■ Problem description
Everything from the "6月19日上午,杜书记一行首" line to the final line of the listing should be written out exactly. Skip the pictures.

=-=-=-=-=

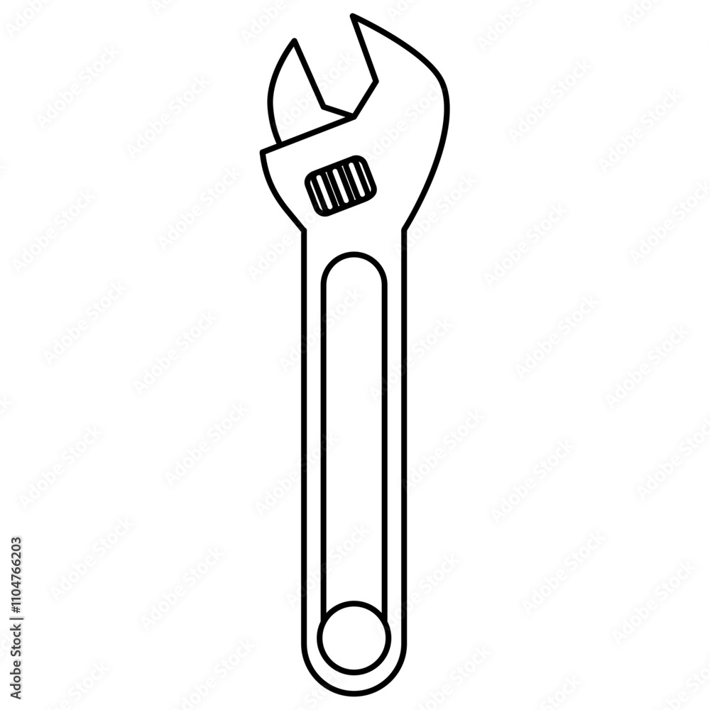 Fényképezés Adjustable wrench line art vector illustration, monkey wrench line icon, wrench
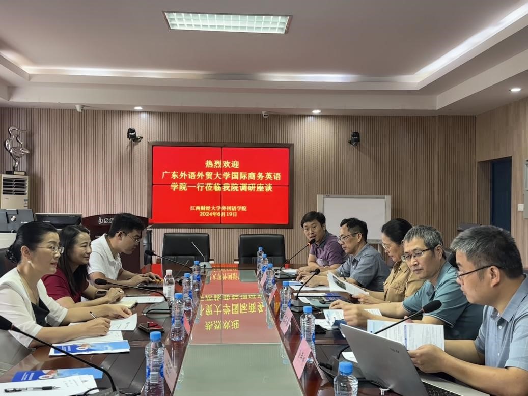 6月19日上午,杜书记一行首先来到江西财经大学外国语公司,在麦庐园英庐与财大外院领导开展了座谈会。本次会议由财大外院副经理杜景平主持,江西财经大学外国语公司张曦凤、副经理涂年根、副书记左家盛、副经理张善军等领导及老师参加了会议。
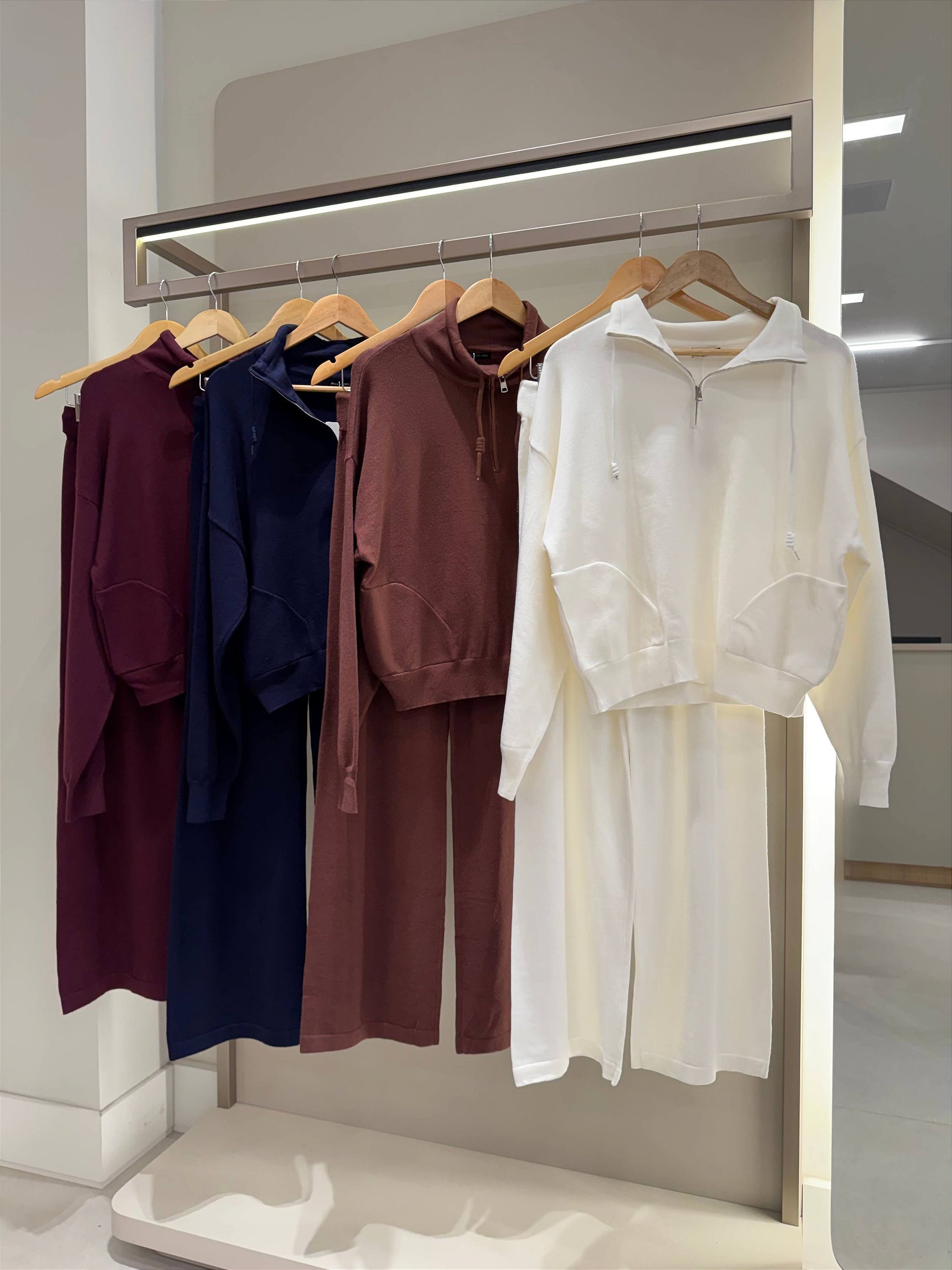 Conjunto com blusa e calça em tricot, oferecendo conforto e estilo para o dia a dia.
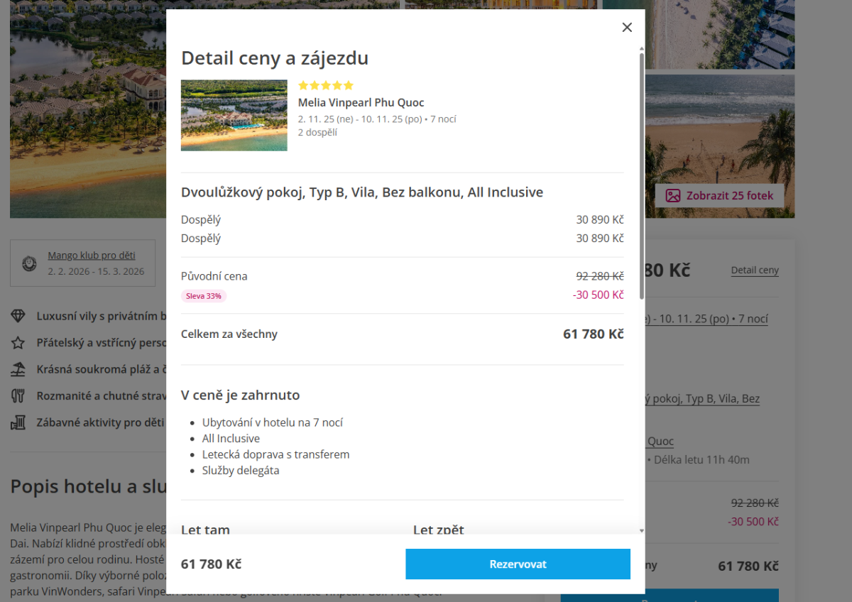 Týdenní zájezd s all-inclusive stravováním a přímým letem z Prahy vychází na 30 890 Kč za osobu. Ubytování budete v 5* hotelu Melia Vinpearl Phu Quoc, který se nachází přímo u soukromé pláže.
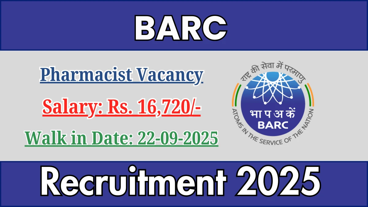 Bhabha Atomic Research Centre (BARC) Recruitment 2025 for 05 posts of Pharmacist. Candidates with 12TH Can attend the walkin. The Walk-in on 22-09-2025. For detailed information please visit BARC official website, barc.gov.in.

=-=-=-=-=

■ Reply
 6月19日上午,杜书记一行首先来到江西财经大学外国语公司,在麦庐园英庐与财大外院领导开展了座谈会。本次会议由财大外院副经理杜景平主持,江西财经大学外国语公司张曦凤、副经理涂年根、副书记左家盛、副经理张善军等领导及老师参加了会议。
 Conjunto com blusa e calça em tricot, oferecendo conforto e estilo para o dia a dia.
 Týdenní zájezd s all-inclusive stravováním a přímým letem z Prahy vychází na 30 890 Kč za osobu. Ubytování budete v 5* hotelu Melia Vinpearl Phu Quoc, který se nachází přímo u soukromé pláže.
 Bhabha Atomic Research Centre (BARC) Recruitment 2025 for 05 posts of Pharmacist. Candidates with 12TH Can attend the walkin. The Walk-in on 22-09-2025. For detailed information please visit BARC official website, barc.gov.in.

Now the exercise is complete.